- RECORDS PROVIDED -

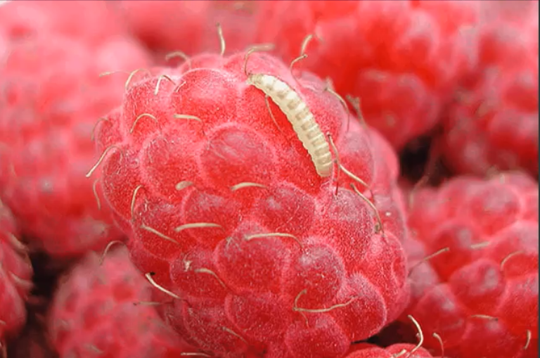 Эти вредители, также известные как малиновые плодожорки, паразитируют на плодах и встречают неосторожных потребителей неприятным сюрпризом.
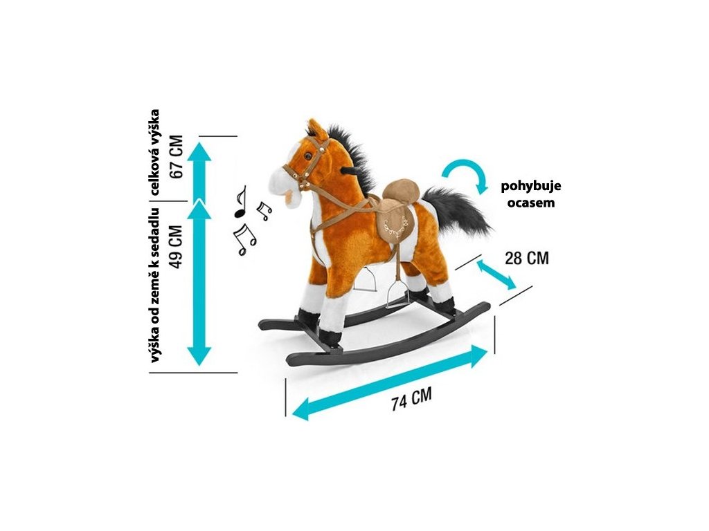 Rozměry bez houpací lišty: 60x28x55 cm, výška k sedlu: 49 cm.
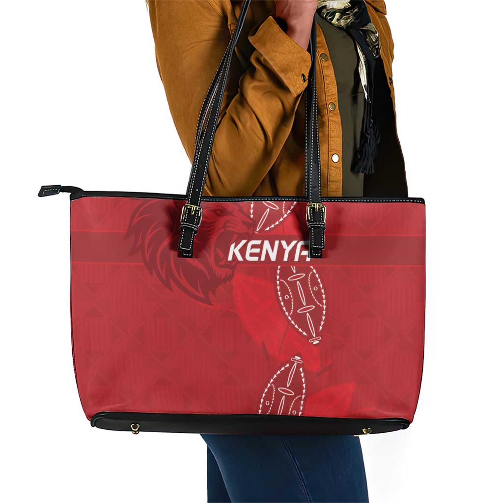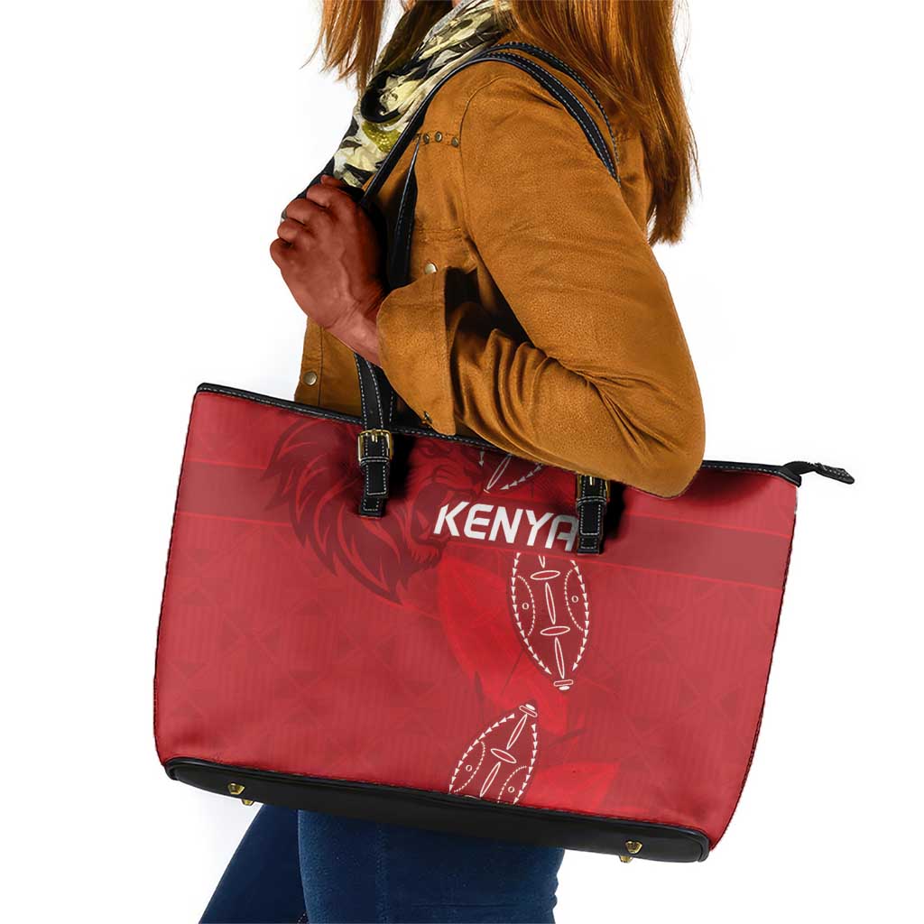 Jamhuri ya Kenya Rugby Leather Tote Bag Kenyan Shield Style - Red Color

--

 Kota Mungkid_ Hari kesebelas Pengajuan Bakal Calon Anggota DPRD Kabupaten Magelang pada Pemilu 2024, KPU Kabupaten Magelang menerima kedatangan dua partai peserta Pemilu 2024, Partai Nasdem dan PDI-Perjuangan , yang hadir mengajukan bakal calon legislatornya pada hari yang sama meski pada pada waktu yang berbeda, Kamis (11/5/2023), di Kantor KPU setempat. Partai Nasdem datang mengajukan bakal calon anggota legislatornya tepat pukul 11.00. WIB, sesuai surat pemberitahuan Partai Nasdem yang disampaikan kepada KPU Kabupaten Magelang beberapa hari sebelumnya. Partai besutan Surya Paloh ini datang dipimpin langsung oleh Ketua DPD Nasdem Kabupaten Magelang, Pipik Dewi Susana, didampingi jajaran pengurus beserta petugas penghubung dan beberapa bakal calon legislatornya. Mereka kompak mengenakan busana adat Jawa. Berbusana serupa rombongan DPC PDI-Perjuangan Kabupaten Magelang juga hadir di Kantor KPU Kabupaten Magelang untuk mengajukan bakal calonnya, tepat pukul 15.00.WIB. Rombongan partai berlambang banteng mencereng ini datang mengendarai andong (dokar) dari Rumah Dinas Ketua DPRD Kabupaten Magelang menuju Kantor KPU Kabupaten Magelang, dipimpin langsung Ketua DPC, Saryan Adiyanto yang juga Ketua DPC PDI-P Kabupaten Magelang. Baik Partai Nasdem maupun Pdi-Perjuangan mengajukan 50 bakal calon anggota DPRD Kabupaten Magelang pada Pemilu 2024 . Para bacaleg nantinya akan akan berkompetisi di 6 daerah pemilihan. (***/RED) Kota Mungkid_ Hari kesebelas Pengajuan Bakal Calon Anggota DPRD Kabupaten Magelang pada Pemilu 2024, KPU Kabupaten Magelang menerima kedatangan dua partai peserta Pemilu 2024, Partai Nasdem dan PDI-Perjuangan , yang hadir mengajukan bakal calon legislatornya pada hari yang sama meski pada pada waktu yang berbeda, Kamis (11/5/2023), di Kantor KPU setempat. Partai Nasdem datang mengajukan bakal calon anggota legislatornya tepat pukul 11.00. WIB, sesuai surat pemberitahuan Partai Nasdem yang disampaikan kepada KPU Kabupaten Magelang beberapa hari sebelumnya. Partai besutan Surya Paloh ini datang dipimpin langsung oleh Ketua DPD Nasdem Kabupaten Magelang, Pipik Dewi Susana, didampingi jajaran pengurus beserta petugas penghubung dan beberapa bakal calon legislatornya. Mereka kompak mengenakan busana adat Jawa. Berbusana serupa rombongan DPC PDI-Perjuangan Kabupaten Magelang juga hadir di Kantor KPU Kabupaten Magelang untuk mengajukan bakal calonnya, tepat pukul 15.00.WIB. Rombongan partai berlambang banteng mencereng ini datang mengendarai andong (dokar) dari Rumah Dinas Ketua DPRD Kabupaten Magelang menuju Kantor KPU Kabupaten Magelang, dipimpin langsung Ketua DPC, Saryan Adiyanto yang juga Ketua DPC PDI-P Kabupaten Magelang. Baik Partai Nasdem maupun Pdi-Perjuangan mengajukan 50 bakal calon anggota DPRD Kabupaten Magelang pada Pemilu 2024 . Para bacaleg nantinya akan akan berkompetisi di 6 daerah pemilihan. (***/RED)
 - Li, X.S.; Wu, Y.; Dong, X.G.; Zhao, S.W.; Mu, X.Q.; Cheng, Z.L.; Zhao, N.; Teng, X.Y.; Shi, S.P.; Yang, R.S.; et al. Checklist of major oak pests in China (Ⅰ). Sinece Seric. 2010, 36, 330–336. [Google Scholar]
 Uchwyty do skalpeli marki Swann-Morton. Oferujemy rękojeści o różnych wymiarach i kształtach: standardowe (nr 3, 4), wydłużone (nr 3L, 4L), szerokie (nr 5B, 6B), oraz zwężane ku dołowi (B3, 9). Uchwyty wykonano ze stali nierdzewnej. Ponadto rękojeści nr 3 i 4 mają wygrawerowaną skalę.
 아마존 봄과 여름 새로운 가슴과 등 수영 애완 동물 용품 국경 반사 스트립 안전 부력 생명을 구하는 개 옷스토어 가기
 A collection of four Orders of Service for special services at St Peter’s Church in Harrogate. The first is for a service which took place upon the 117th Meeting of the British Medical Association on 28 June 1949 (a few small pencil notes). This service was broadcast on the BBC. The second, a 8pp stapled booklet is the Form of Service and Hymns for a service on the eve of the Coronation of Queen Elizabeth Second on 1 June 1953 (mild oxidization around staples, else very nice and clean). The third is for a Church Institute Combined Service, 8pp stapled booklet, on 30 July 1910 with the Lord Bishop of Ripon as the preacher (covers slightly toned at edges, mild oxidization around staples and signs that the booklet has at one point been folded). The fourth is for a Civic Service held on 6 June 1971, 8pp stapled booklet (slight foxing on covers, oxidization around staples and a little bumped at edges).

- TASK -
Reproduce the records above exactly, but only from the line with "Эти вредители, также" up to and including the line with "Jamhuri ya Kenya". Leave the pictures out.

- THE ANSWER -
 Эти вредители, также известные как малиновые плодожорки, паразитируют на плодах и встречают неосторожных потребителей неприятным сюрпризом.
 Rozměry bez houpací lišty: 60x28x55 cm, výška k sedlu: 49 cm.
 Jamhuri ya Kenya Rugby Leather Tote Bag Kenyan Shield Style - Red Color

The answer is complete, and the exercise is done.